I know you said your communication is great, and ma’am I mean no disrespect, but your communication is hog wash if the man is 50k in debt and you weren’t aware of it... ya know? And he didn’t disclose the DUI incident. Then the “misunderstanding “ about the vasectomy cost/insurance benefits. 

I won’t say I think you should leave or stay. But I would sit him down and tell him you feel like you were completely mislead and it’s placed some doubt in your mind about how successful (or not) this marriage will be. I mean, do you trust him now? Do you want to have a baby with a man that you can’t trust?


----------



## RoseAglow (Apr 11, 2013)

@GalFriday, I see that you have a lot of emotions and questions, and understandably so! Your original post is not clear regarding some important timelines. Can you please clarify:

1. How long have you and your H been together as a couple?

2. Did you ever live together prior to this latest move?

3. When you say you moved to where he was living post-divorce, whose divorce do you mean? And when did it happen?

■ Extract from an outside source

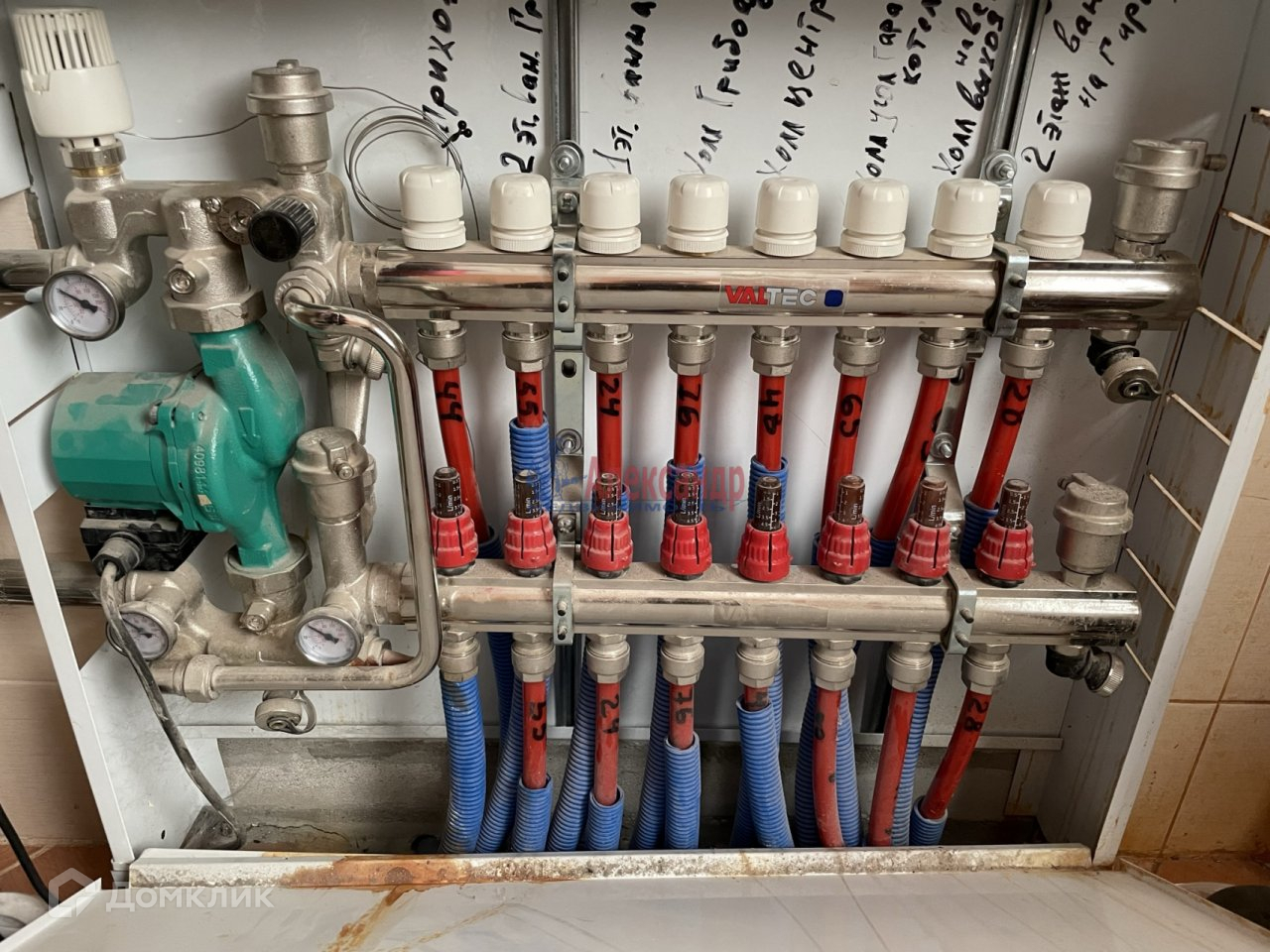 Отопление дома осуществляется за счет системы водяного теплого пола на первом этаже, и радиаторов на втором. Все это функционирует за счет двухконтурного газового котла. Так же с помощью этого же котла дом снабжается горячей водой. Холодная вода - центральный водопровод. Электричество - 15 кв.т. В каждой из комнат предусмотрена система вентиляции.

On the one hand, it sounds like you really haven't spent that much time with your guy or known him very well for very long. It is hard to understand how you didn't know about his son's laziness and poor hygiene, or the small town to which he moved, or the dramatically high level of debt that he has, unless you haven't spent all that much time with him and his child in real life.

On the other hand, you say in your OP that you and your h have been together for a few years including time in which you were in the same location.

This being TAM, I have to ask you- were and your now H in an affair while he was married? This would explain how you could have "been together" for a long time yet you have so little real world experience with him, and it also would explain why you were so trusting of him to make a huge move, using your savings and going without first securing a job, to be near him without ever going to see where he was living first.

If you were not in an affair and you lived together beforehand, has anything else dramatic happened recently? Has your H been deployed/in an accident/suffered a trauma, which might explain his current poor decisions? 

It will help provide better suited advice if you can clarify the timelines and provide more information.


----------